In November 2005, Elizabeth Economy, director of Asia studies at the Council on Foreign Relations, warned that countries which provide assistance to sustain unpopular regimes for short-term economic or strategic interests often pay a steep long-term political price once these regimes fall out of favor. She said that China should look carefully at its engagement in countries like Sudan, Zimbabwe and Myanmar, among others. Chinese multinationals, too, should consider the longer-term health, safety and environmental welfare of the communities in which they operate, or risk growing local protest.

On Oct. 3, 2006, rioters attacked Chinese nationals in Zambia, where the political opposition accused China of exploitation and turning Zambia into dumping ground for Chinese slave labor. In less than a decade over 30,000 Chinese have moved into Lusaka, where the riot took place.

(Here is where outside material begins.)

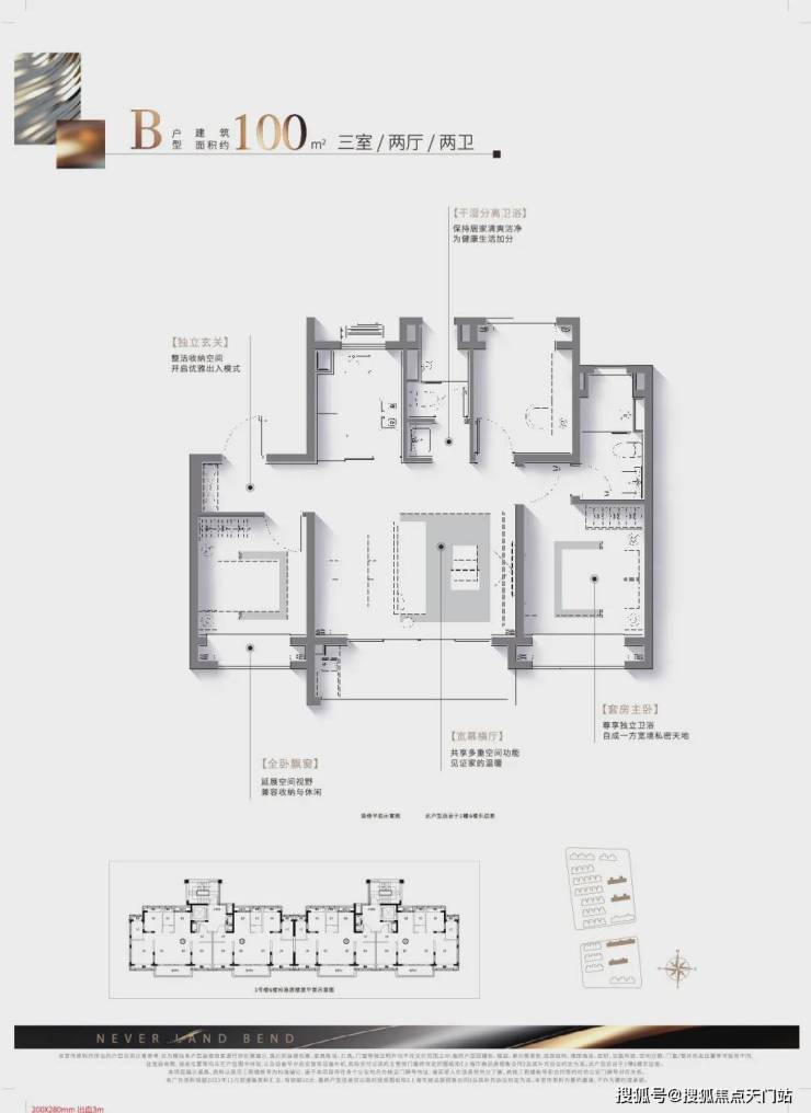 建面约100㎡宽厅三房,改善家庭至优选:在南向三开间的基础上,该户型“创新横向宽厅,营造百平米少有的客厅尺度“打造3.5南向面宽。

Until now China was able to hide behind the headlines about the unsuccessful war in Iraq by the United States. But with a careful hard look, the stories about China's fast track into the heart of Africa and Burma are much more brutal. There are over 100,000 United States' troops in Iraq and the bloody conflict of the war has been a major concern for America and her allies. But two million Chinese migrants have moved into Burma in less than two decades, and it is destabilizing the already explosive political situation there.

Adding to the ill-effects of China's direct involvement in Burma's political affairs is Beijing's continuing lack of concern about the threat of HIV, drugs, crime and political instability on its border, and highlights the more crucial, underlying failure of the Chinese political leadership. As Gordon Chang has discussed above, what many mistake as "nuanced" diplomacy is just an example of competing views and interests that result in directionless policy within the Chinese government.

The blind faith in the slogan of "peaceful rise of political power" has not protected poor Chinese migrant workers at home and abroad. Rupert Wingfield-Hayes of the BBC on March 7, 2006 reported that in a system akin to South Africa's apartheid, Chinese migrants are discriminated against and exploited.

Accurately, Ms. Economy has labeled China as a rising power exploiting other countries' natural resources, spoiling the global environment, making economic deals but looking away from serious government mistreatment of its citizens and not delivering on promises.

In his expert analysis, David Lampton, director of China studies at the Johns Hopkins School of Advanced International Studies, said that the Chinese political system does not adequately reflect the diverse interests of the increasingly pluralized society that marketization, urbanization, and globalization have created. Consequently, the Chinese Communist Party's legitimacy is not robust and the Chinese system's appeal, at home and abroad, rests largely on the country's economic success.

Burma is affected by what Mr. Lampton described as the massive, often unintended spillover effects of Chinese power and its appetite for economic growth. And although Beijing's domestic and foreign policies are not malevolent by design, they often have harmful effects. For those countries on the receiving end, intentions may not matter. He concluded that the rise of Chinese political power generates global responses that Beijing cannot fully control and that may not be in its interest.

The Chinese veto at the Security Council, along with their friend South Africa, of the resolution to bring a peaceful reconciliation in Burma, was deeply felt by the Burmese people. Even the Myanmar military personnel were said to have been very disappointed in losing the last glimmer of hope for peace. China has cast a long shadow of darkness on Burma.

Chinese political power is rising in the east but the long darkness in Burma will not be over soon.